If you don't want to send him on a wild goose chase then don't tell him to start drilling out oil passages because that's exactly what that is. A drill is an indispensable tool but not when you're trying to improve the oiling system on a 335 series unless you're drilling the passage out to add a restrictor. I don't care which "experts" you talked to I'll take Jack Roush's experience making high performance Ford engines and put it up against anyone. He makes a restrictor kit SPECIFICALLY for Clevelands to make them live at high RPMS. Since the M block shares the same oiling system I'm sure it would work for them also.

In the meantime all that needs to be done for any street motor is put away the drill and purchase a couple of AN fittings and some quality line and a T fitting and run a secondary line from the oil passage in front of the fuel pump to the O.P. sending unit port.

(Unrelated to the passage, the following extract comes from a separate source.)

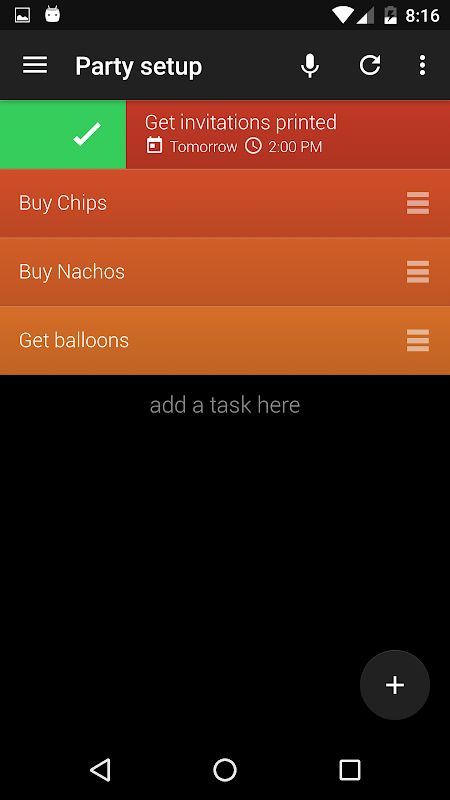 • Swipe right on tasks to complete them, swipe left to delete tasks.

>BTW, the main and rod bearings
>are not reciprocating motion, nor
>are they oscillatory motion -
>they rotate in one direction
>just like the cam bearings
>do. Take another look
>- it's the kinematics of
>the mechanism!
>


Of course the mains don't oscillate or reciprocate, I never said they did. However the forces acting on them from the cranks throws which convert vertical motion to rotary motion are significantly more stressful than the forces acting on the camshaft hence the tendency of the main & rod bearings to wear more.